Note: This article first appeared in Research Europe and Research Professional News.
The Covid-19 pandemic has triggered an explosion of knowledge, with more than 200,000 papers published to date. At one point last year, scientific output on the topic was doubling every 20 days. This huge growth poses big challenges for researchers, many of whom have pivoted to coronavirus research without experience or preparation.
Mainstream academic search engines are not built for such a situation. Tools such as Google Scholar, Scopus and Web of Science provide long, unstructured lists of results with little context.
These work well if you know what you are looking for. But for anyone diving into an unknown field, it can take weeks, even months, to identify the most important topics, publication venues and authors. This is far too long in a public health emergency.
The result has been delays, duplicated work, and problems with identifying reliable findings. This lack of tools to provide a quick overview of research results and evaluate them correctly has created a crisis in discoverability itself.
The pandemic has highlighted this, but with three million research papers published each year, and a growing diversity of other outputs such as datasets, discoverability has become a challenge in all disciplines.
For years a few large companies have dominated the market for discovery systems: Google Scholar; Microsoft’s soon-to-be-closed Academic; Clarivate’s Web of Science, formerly owned by Thomson Reuters; and Elsevier’s Scopus.
But investment hasn’t kept pace with the growth of scientific knowledge.
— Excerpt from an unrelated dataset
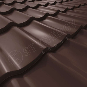 Эта металлочерепица сочетает плавные волны с оттенком темного шоколада, создавая эффект натуральной кровли, и подходит для крыш от уютных дач до стильных веранд, добавляя нотку комфорта и элегантности в окружающий ландшафт.

What were once groundbreaking search engines have only been modestly updated, so that mainstream discovery systems are now of limited use.
This would not be a problem if others could build on companies’ search indices and databases. But usually they can’t.
A new openness
In the shadows of these giants, however, an alternative discovery infrastructure has been created, built on thousands of public and private archives, repositories and aggregators, and championed by libraries, non-profit organisations and open-source software developers. Unlike the commercial players, these systems make their publication data and metadata openly available.
Building on these, meta-aggregators such as Base, Core and OpenAIRE have begun to rival and in some cases outperform the proprietary search engines. Their openness supports a rich ecosystem of value-added services, such as the visual discovery system Open Knowledge Maps, which I founded, or the open-access service Unpaywall.
This open infrastructure has become the strongest driver of innovation in discovery, enabling the quick development of a variety of discovery tools during the pandemic. Technologies such as semantic search, recommendation systems and text and data mining are increasingly available.
Many open systems, though, are not sustainably funded. Some of the most heavily used make ends meet with a tiny core team. Half, including Open Knowledge Maps, rely on volunteers to provide basic services.
The funding options for non-profit organisations and open-source projects are very limited. Most rely on research grants, which are meant as a jumping off point, not a long-term solution.
The academic community needs to step up and secure the future of this crucial infrastructure. The shape of research infrastructure depends on institutions’ buying decisions. If most of the money goes to closed systems, these will prevail.
A first step would be to create dedicated budget lines for open infrastructures. The initial investment would be relatively small, as their membership fees are usually orders of magnitude cheaper than the license fees of their proprietary counterparts. Over time, strengthening open infrastructure will enable research institutions to cancel their proprietary products.
It’s not just about money. Open infrastructures do not lock institutions into closed systems, and save them from selling off their researchers’ user data, an issue gaining prominence as large commercial publishers become data analytics businesses.
The coronavirus pandemic has shown that the challenges of our globalised world demand international collaboration. That requires building on each others’ knowledge.
This is not possible with closed and proprietary discovery infrastructures that have fallen behind the growth of scientific knowledge. Instead, we need to guarantee the sustainability of the open discovery infrastructure, so that we can rely on it for today’s and tomorrow’s challenges.